Record the time when the sample was collected using the 24h clock. This avoids any confusion over am and pm. A 12h error in timing due to mixing up am/pm can intorduce a 6% error in the CO2 production estimate.
Once frozen samples have been collected from the home they can be decanted into smaller vessels for storage before analysis. There is no need to keep samples frozen during transport as long as they are in sealed vessels. Samples can be kept in the large collection vessels until just prior to analysis if they are made of glass but this is not advised if they are plastic because there is a suggestion that oxygen-18 and deuterium exchange with plastic containers. If storage capacity is limited or if the samples need to be transported by air decanting the samples into smaller vessels also makes sense.

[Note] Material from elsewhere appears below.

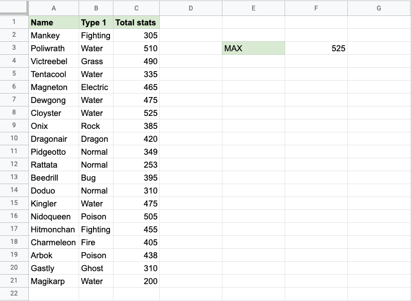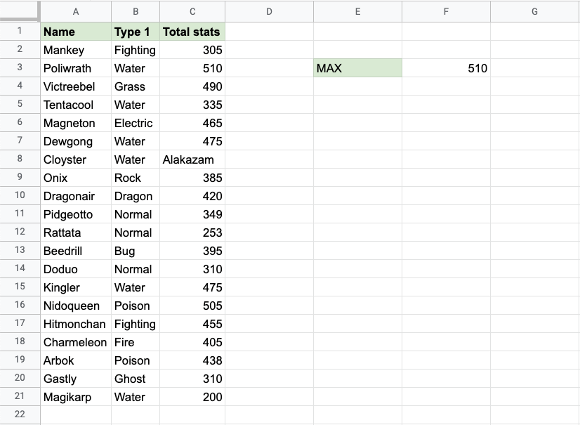 Nice going. The function ignores the text typed in the range. 510 is returned as the new highest value, since the old one was replaced with text. Poliwrath is now the Pokemon with the highest Total stats in the range C2:C21.

To decant the samples allow the sample to fully thaw. Invert the bottle a few times to make sure the sample is fully mixed. Remove the cap from the bottle. Remember that urine is a biological fluid. Take reasonable precautions to avoid infection. Wear plastic gloves, overalls and a mask when performing the decants. Use a plastic disposable syringe and transfer sample from the large bottle into replicate small sample tubes. The tubes should be glass and sealed with a rubber seal with the sample details written on them in advance. The minimum information required is the sample identity and the subject ID. Cross check the labelling on the large collection vessel with the labelling on the small samples before you do the decant. Ideally get a second person to cross check and verify this. The small storage samples should be between 2 and 5 mls. Do not fill the bottles completely as they will break when refrozen. Cap the small sample bottles place them into a plastic bag and then refreeze them pending analysis. NEVER reuse the disposable syringe to decant multiple samples. If it is not being used for other analyses the remaining sample can be disposed of down a toilet. Wash out the bottles and sterilise them before reuse. Bottles should be completely dry before being reused.